La tristeza es la sensación de desasosiego, vacío, decaimiento y desmotivación


que aparece ante algún tipo de pérdida, fracaso, decepción o (para los más
empáticos), ante el sufrimiento ajeno. Cuando nos invade la tristeza sentimos
auténtico dolor; tanto, que algunas personas incluso la temen. Pero en esta vida,
la tristeza es inevitable. Si nuestra pareja nos abandona o muere alguien a quien
queremos, vamos a sentir una profunda tristeza; no hay otra opción.

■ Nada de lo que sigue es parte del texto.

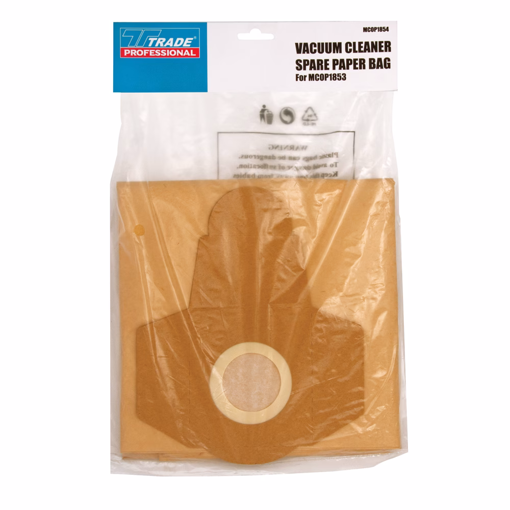 • Extends vacuum cleaner lifespan by protecting the motor: Dust entering the motor can cause wear and performance loss over time, but this spare paper bag helps prevent such damage by capturing dirt at the source. By acting as a barrier, it reduces internal build-up and keeps suction power strong, lowering the likelihood of costly repairs. This added protection ensures that your Trade Professional vacuum remains efficient for years of reliable use.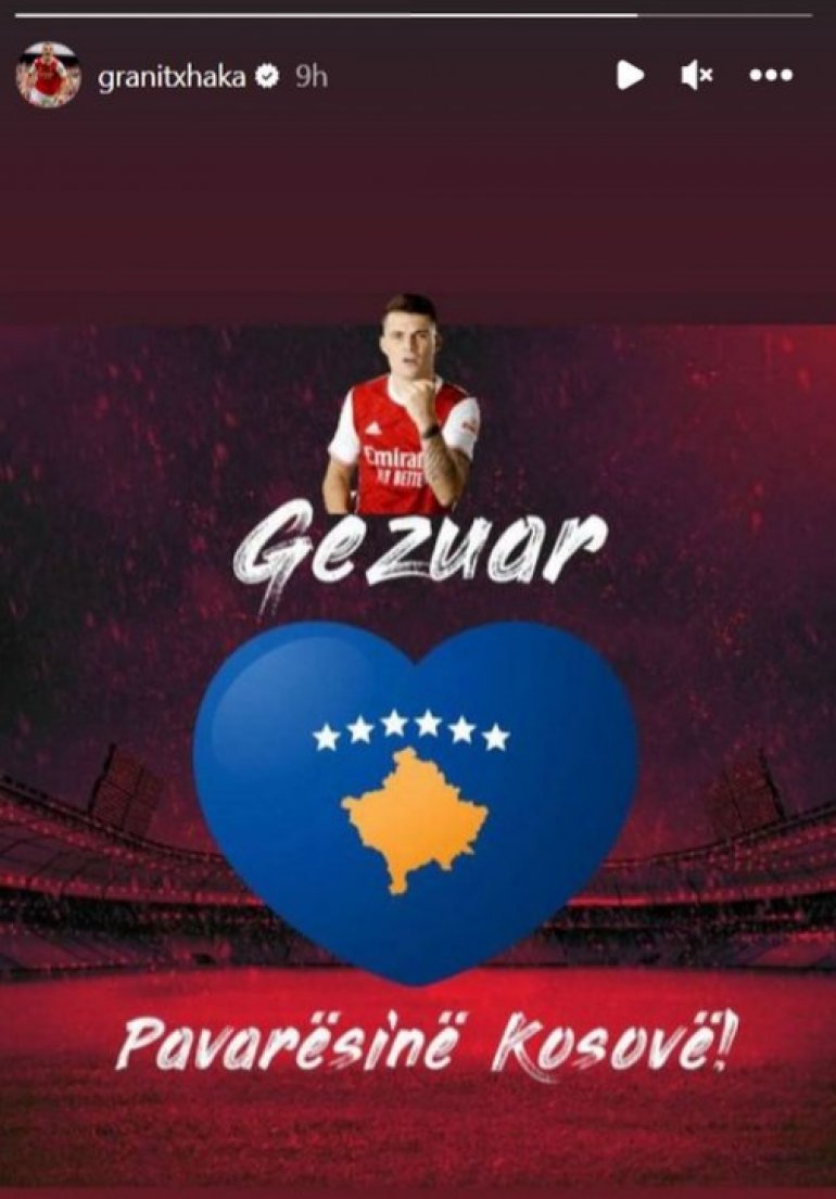 Џака, познат по томе што и на фудбалском терену показује своју припадност и политичке ставове, огласио се на друштвеним мрежама и уз заставу тзв. Косова у облику срца, написао:

Siempre lo digo, todas las emociones cumplen su función en esta vida. La tristeza
nos sumergirá en un refugio para la reflexión; nos envolverá en un estado de
recogimiento con la finalidad de permitirnos elaborar la pérdida o fracaso y
realizar los ajustes necesarios para el cambio que pueda suponer (Goleman,
1996). En la medida en que esa situación se solucione, o nos adaptemos a ella, la
tristeza irá cediendo su paso a otras emociones e iremos cerrando nuestro
proceso. Y es que sentirnos tristes ante sucesos tristes es normal y necesario. Muy
necesario

Pero la depresión es otra cosa. Si la tristeza supone un retiro necesario, la


depresión paraliza nuestra vida. Cuando la tristeza permanece durante
demasiado tiempo, corremos el riesgo de envenenarnos con ella. Con la
depresión, todo nuestro mundo se oscurece, no hay espacio para el crecimiento;
realmente, caemos en un pozo. La apatía y la falta de energía irán en aumento,
hasta que lleguemos a un punto en el que ya no sepamos qué era lo que nos
hacía felices; perdemos las fuerzas para salir de ese pozo, nos rendimos. El
aislamiento hará que nuestra única compañera sea esa tristeza tóxica que ya no
está para ayudarnos, sino para ahogarnos.

“Sanamos un sufrimiento sólo al experimentarlo en su totalidad”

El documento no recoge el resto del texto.